What is required
Retype only the lines that run from the top of the material below to the line bearing "加厚加粗厨房置物架sus304不锈钢3o4收纳N微波炉落地三层家用架子", inclusive, and keep the pictures out.

___ Records supplied

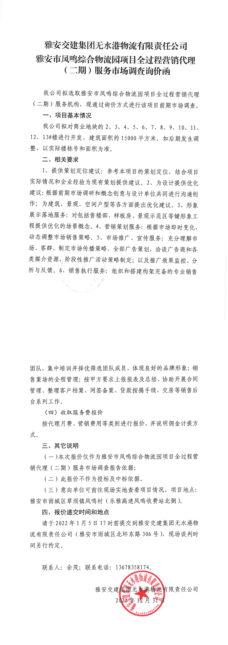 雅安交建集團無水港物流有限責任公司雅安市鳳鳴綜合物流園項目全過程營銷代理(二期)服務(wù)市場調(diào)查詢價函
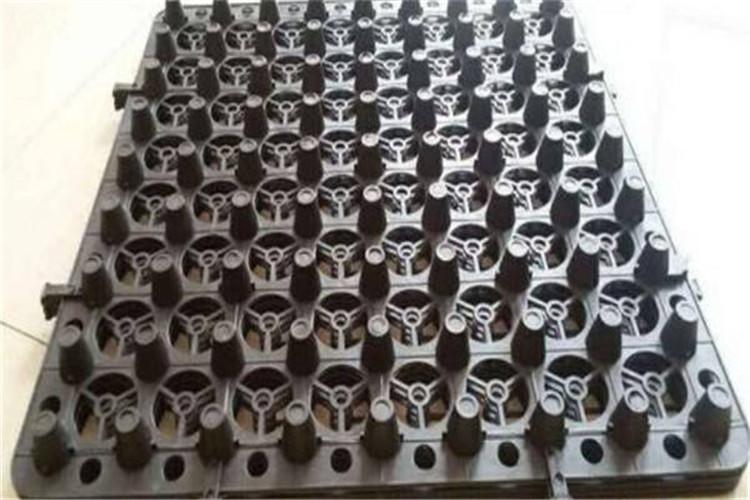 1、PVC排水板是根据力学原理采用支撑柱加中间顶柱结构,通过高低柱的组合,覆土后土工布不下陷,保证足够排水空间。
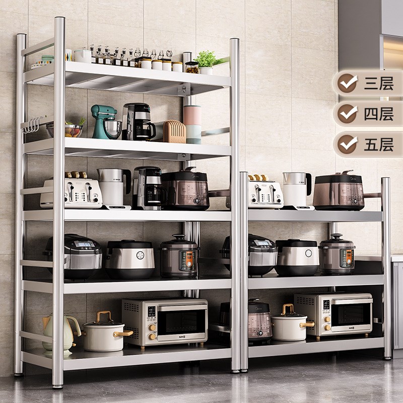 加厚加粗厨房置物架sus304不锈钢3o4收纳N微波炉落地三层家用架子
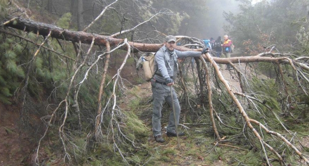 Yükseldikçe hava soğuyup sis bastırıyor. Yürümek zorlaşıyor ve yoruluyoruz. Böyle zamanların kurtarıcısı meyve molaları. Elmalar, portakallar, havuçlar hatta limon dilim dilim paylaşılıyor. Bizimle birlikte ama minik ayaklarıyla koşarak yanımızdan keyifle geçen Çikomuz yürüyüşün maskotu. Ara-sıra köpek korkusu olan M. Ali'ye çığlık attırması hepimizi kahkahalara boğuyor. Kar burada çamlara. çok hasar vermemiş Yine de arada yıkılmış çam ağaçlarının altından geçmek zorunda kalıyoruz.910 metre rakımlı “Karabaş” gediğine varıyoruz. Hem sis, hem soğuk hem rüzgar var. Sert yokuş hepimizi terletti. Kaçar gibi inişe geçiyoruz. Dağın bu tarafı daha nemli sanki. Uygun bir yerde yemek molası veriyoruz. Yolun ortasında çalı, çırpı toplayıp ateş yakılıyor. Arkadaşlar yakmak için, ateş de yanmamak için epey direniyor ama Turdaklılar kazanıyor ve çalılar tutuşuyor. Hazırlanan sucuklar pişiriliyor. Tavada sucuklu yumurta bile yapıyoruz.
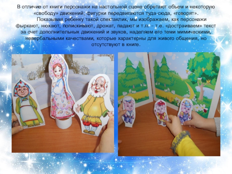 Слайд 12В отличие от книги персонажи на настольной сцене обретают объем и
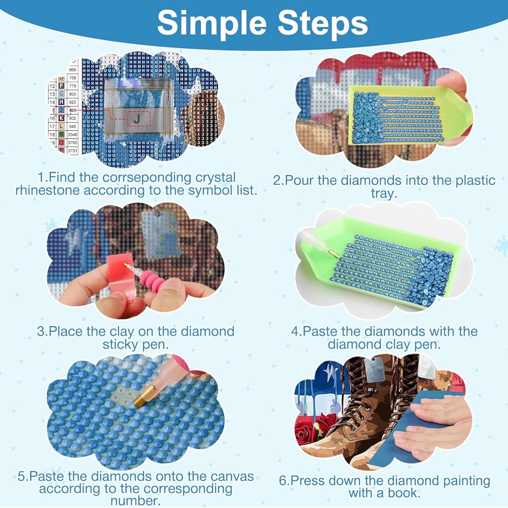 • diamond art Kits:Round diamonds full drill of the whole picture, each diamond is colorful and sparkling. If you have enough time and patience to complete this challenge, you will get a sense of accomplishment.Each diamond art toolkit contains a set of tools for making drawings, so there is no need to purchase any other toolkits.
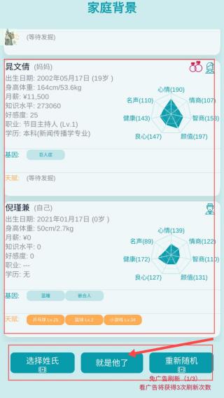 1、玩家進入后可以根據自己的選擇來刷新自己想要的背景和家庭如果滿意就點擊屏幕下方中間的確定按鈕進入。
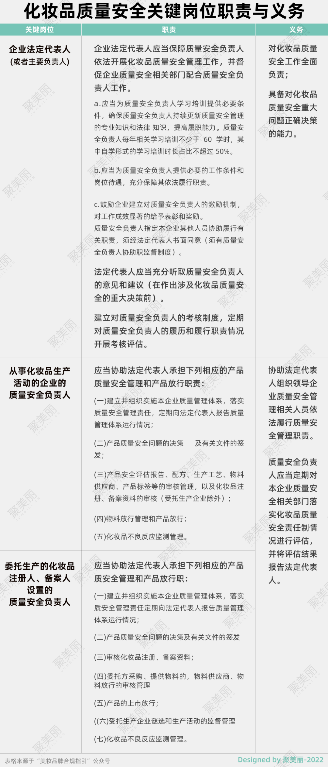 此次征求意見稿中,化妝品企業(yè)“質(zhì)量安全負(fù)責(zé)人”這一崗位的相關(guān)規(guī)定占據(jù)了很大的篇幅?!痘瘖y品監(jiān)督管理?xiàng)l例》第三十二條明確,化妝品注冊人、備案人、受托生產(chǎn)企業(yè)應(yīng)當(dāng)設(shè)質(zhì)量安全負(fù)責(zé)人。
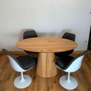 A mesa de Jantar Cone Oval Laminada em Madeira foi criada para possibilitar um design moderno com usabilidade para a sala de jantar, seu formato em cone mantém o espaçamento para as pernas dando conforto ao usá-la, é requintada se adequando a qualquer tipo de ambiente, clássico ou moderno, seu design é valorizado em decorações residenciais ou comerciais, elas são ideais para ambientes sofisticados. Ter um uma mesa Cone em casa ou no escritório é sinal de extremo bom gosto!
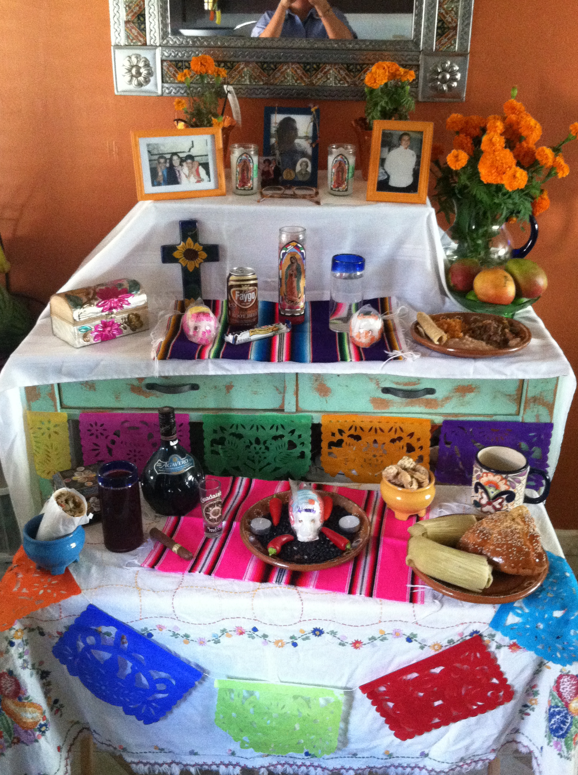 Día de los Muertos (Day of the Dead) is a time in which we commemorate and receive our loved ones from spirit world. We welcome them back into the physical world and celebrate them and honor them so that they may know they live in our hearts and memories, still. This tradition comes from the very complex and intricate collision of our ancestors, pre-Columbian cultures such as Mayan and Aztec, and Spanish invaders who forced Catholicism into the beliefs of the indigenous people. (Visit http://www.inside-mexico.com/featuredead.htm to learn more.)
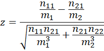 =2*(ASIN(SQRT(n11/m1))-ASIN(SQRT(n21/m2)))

______

Solution for this problem
 雅安交建集團無水港物流有限責任公司雅安市鳳鳴綜合物流園項目全過程營銷代理(二期)服務(wù)市場調(diào)查詢價函
 1、PVC排水板是根据力学原理采用支撑柱加中间顶柱结构,通过高低柱的组合,覆土后土工布不下陷,保证足够排水空间。
 加厚加粗厨房置物架sus304不锈钢3o4收纳N微波炉落地三层家用架子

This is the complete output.